Emerging from London's fecund punk scene in 1976, Wire released three diverse, seminal albums — the brilliantly terse Pink Flag, the pop opus Chairs Missing, and the atmospherically prog 154 — before disbanding in 1980. More influential than popular, Wire's early work was then covered, referenced, and distilled by legions of artists, from Big Black and R.E.M. to Elastica and Fischerspooner. Meanwhile, founding members Colin Newman, Graham Lewis, Bruce Gilbert, and Robert “Gotobed” Grey spent the subsequent 20 years focusing on a multitude of collaborations and solo projects, save for a moderately successful regrouping from 1985 to 1992.

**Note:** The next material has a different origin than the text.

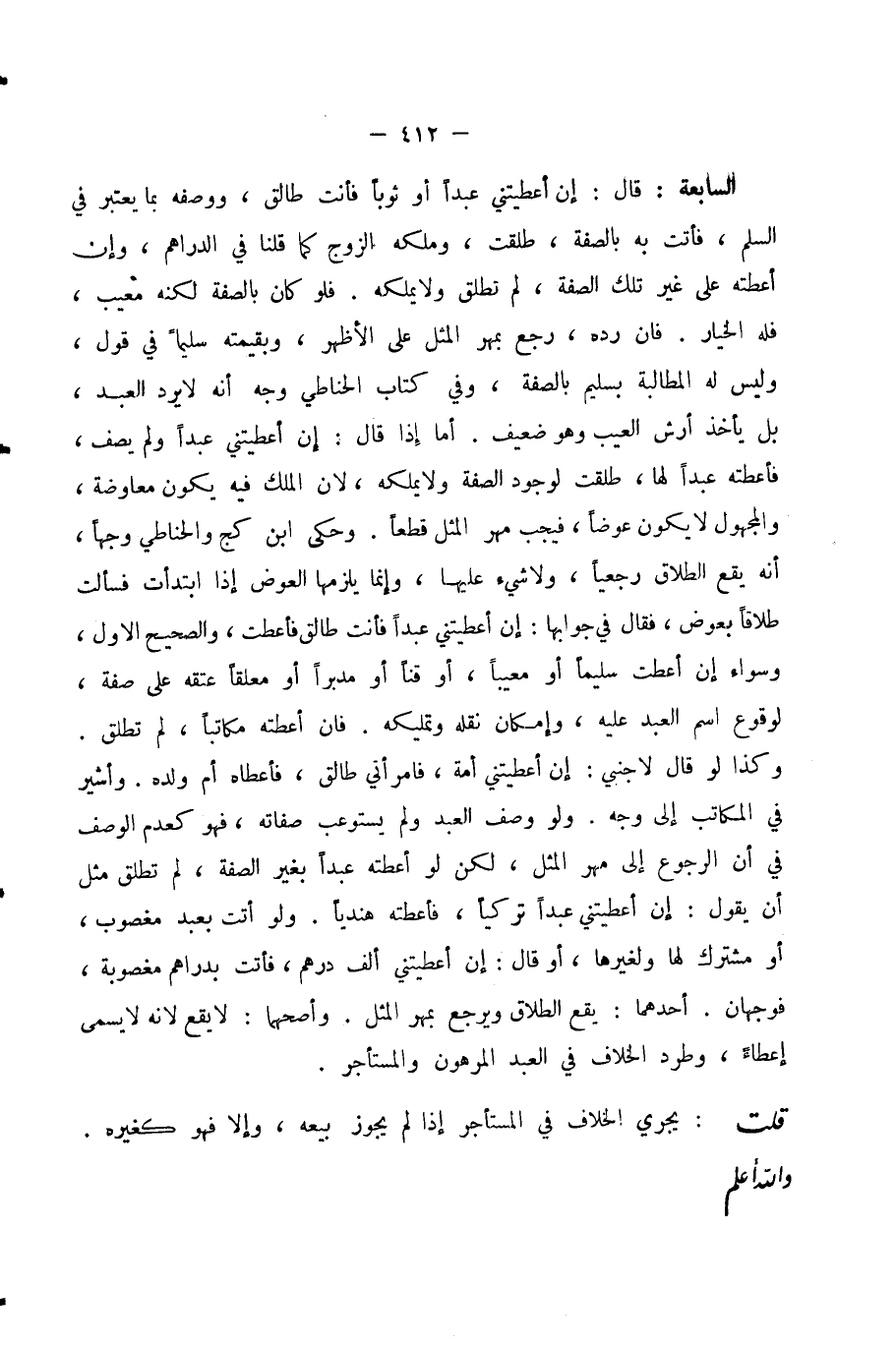 السَّابِعَةُ: قَالَ: إِنْ أَعْطَيْتِنِي عَبْدًا أَوْ ثَوْبًا فَأَنْتِ طَالِقٌ، وَوَصَفَهُ بِمَا يُعْتَبَرُ فِي السَّلَمِ، فَأَتَتْ بِهِ بِالصِّفَةِ، طُلِّقَتْ، وَمَلَكَهُ الزَّوْجُ كَمَا قُلْنَا فِي الدَّرَاهِمِ، وَإِنْ أَعْطَتْهُ عَلَى غَيْرِ تِلْكَ الصِّفَةِ، لَمْ تُطَلَّقْ وَلَا يَمْلِكُهُ.

In 2000, the members of Wire did something long considered unthinkable, performing highlights from the band's career over several dates, including many tunes from the first three albums. According to Newman (reached via e-mail), those retrospective shows helped Wire reclaim its own history “by filtering its past through a mesh of the present,” proving to the group that it had a future as a relevant and creative entity, as opposed to being a “museum piece.”

This revitalization brings us the current incarnation of Wire, and the release of Read & Burn 01, the group's first genuinely new material in over a decade. This deliberately short EP — six tracks in 17 minutes — is the first in a series of releases via the band's own Pinkflag label. With the Read & Burn series, Wire plans to put out recordings in short order, as opposed to holding them for a full-length. The brief, hard-charging cuts on Read & Burn 01 hearken back to Wire's punkish material, percolated through the outfit's later, more avant aesthetics and edgy production. From “In the Art of Stopping” to “The Agfers of Kodack,” every song clocks in at less than three minutes and features smartly rigid rhythmic pummel, interlocking buzz-guitar riffs, shout-sung lyrics, and repetitive, looping intensity. While objectively judging a new Wire record is a tad problematic — the band set the comparison bar insanely high with its initial LPs — Read & Burn 01 manages to succeed both as a back-to-basics update of the glory days and as a stand-alone release amongst the current crop of '80s revivalists. (Hell, Wire helped invent that stuff.) One might make the curmudgeonly complaint that these tracks are a little too similar to each other and to earlier work, and that the whole thing's just too damn short, but this is some infectious, high-quality stripped-down rock, and it's refreshing to own something not so dauntingly long you shudder to play it twice.

If there's one thing Wire has never been, it's static, so while this current CD is a semireturn to square one, it would be foolish to expect the band to remain there. Wire's current live set is all new material, drawing from R&B 01 and not-yet-released titles. When asked what to expect at Monday's Fillmore show, Newman replied that people wanting to see an invigorated Wire playing an energetic set should attend, adding this caveat: “If they just want to fill in their checklists [of] which songs they saw us play live, then they are better off finding a cover band in a bar.”